Smith's Ferry contains a unique mix of sedimentary and igneous rocks due to its proximity to a Mesozoic Rift Basin, where volcanic surface flows once manifested due to continental rifts that arose with the tectonic dispersal of Pangaea. Those rifts which were aborted created igneous deposits along various inland landscapes such as the Connecticut River Valley.

The area's igneous activity from the Jurassic period has left a landscape of Holyoke and black-rock diabase in and around Mt. Tom, the former being created by surface lava flow and the latter as it was forced through layers of subterranean sandstone where it became deposited as an igneous mass. Basalt also occurs in the area due to the former volcanic activity. Sedimentary rocks abut the igneous deposits with large swaths of arkosic sandstone extant along the banks of the Connecticut River. It is on this sandstone that dinosaur tracks from Early Jurassic can be found. These tracks were once so prevalent that they could be readily found by land-owners who would often chisel them away from the landscape and sell them to tourists. Construction of I-91 along Mt. Tom was briefly delayed in the mid-1960s when several slabs of dinosaurs were discovered from blasting in the area.

==Transportation==

===Streets and highways===
The most prominent road in Smith's Ferry is U.S. Route 5 which traverses the entire length of the region. PVTA bus route B48 passes through this highway but does not, however, have any marked stops there. This span of highway also contains a marked bike lane separated from traffic by a painted median.
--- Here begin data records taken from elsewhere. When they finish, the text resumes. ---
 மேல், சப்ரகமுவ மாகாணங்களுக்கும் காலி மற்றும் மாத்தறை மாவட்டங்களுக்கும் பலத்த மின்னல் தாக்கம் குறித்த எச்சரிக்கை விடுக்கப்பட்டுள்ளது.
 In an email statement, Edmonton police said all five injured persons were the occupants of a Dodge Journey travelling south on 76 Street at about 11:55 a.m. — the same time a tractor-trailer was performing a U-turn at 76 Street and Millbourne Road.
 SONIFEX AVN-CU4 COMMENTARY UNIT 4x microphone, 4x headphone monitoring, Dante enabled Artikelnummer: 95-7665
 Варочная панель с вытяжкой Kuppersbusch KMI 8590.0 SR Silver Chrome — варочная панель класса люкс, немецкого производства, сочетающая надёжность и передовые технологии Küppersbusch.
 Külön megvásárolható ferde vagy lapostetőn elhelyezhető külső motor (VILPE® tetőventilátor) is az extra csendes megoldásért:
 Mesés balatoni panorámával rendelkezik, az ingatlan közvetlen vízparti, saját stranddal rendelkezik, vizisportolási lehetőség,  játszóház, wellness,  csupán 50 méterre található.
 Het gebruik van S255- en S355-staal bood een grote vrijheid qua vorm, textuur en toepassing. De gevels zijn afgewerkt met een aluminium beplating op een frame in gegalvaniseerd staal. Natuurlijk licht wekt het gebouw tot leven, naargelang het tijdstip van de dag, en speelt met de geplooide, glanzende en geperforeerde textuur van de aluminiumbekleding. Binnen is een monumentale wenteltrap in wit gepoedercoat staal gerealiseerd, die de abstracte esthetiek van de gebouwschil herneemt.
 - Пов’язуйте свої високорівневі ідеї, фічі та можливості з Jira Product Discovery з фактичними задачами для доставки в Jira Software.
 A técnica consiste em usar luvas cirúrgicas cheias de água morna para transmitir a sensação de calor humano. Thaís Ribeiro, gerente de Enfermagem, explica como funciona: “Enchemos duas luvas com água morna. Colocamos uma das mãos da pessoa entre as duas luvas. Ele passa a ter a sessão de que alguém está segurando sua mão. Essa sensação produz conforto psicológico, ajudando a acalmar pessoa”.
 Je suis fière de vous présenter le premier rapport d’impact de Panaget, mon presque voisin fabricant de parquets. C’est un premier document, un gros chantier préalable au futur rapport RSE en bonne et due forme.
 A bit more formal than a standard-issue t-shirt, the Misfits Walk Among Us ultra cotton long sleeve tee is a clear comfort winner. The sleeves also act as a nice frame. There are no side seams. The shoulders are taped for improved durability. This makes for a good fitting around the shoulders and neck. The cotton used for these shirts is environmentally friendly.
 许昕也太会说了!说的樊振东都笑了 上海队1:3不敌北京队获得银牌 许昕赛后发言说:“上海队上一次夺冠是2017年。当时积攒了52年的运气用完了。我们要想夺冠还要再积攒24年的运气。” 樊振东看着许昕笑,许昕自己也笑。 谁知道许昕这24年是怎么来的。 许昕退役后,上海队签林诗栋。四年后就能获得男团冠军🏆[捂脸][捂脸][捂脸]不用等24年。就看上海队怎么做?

U.S. Interstate 91 largely defines the boundaries of the southeast side of Mount Tom State Reservation but is only accessible to the immediate north or south of the neighborhood via Exit 18 in Northampton and Exit 17 on MA Route 141 respectively.

===Rail===
The railway in Smith's Ferry was originally a part of the Connecticut River Railroad system, with a homonymous passenger station which served the Mount Holyoke Seminary during the 19th century. While there are no passenger or freight stops in Smith's Ferry today, the track which traverses the area is serviced by Pan Am Southern, which operates a freight line from Hartford to White River Junction.

The railroad is also a part of the Vermonter Amtrak route which began service between stations in downtown Holyoke and Northampton in August 2015.

==Government==
The neighborhood lies in the 7th Ward of the City of Holyoke, and is locally represented by Councilman Todd McGee as well as members elected-at-large including Councilman Daniel Bresnahan, Councilman Howard B. Greaney, Councilman Michael J. Sullivan, Councilman James M. Leahy, Councilwoman Rebecca Lisi, Councilman Diosdado Lopez, Councilman Joseph M. McGiverin, and Councilman Peter R. Tallman.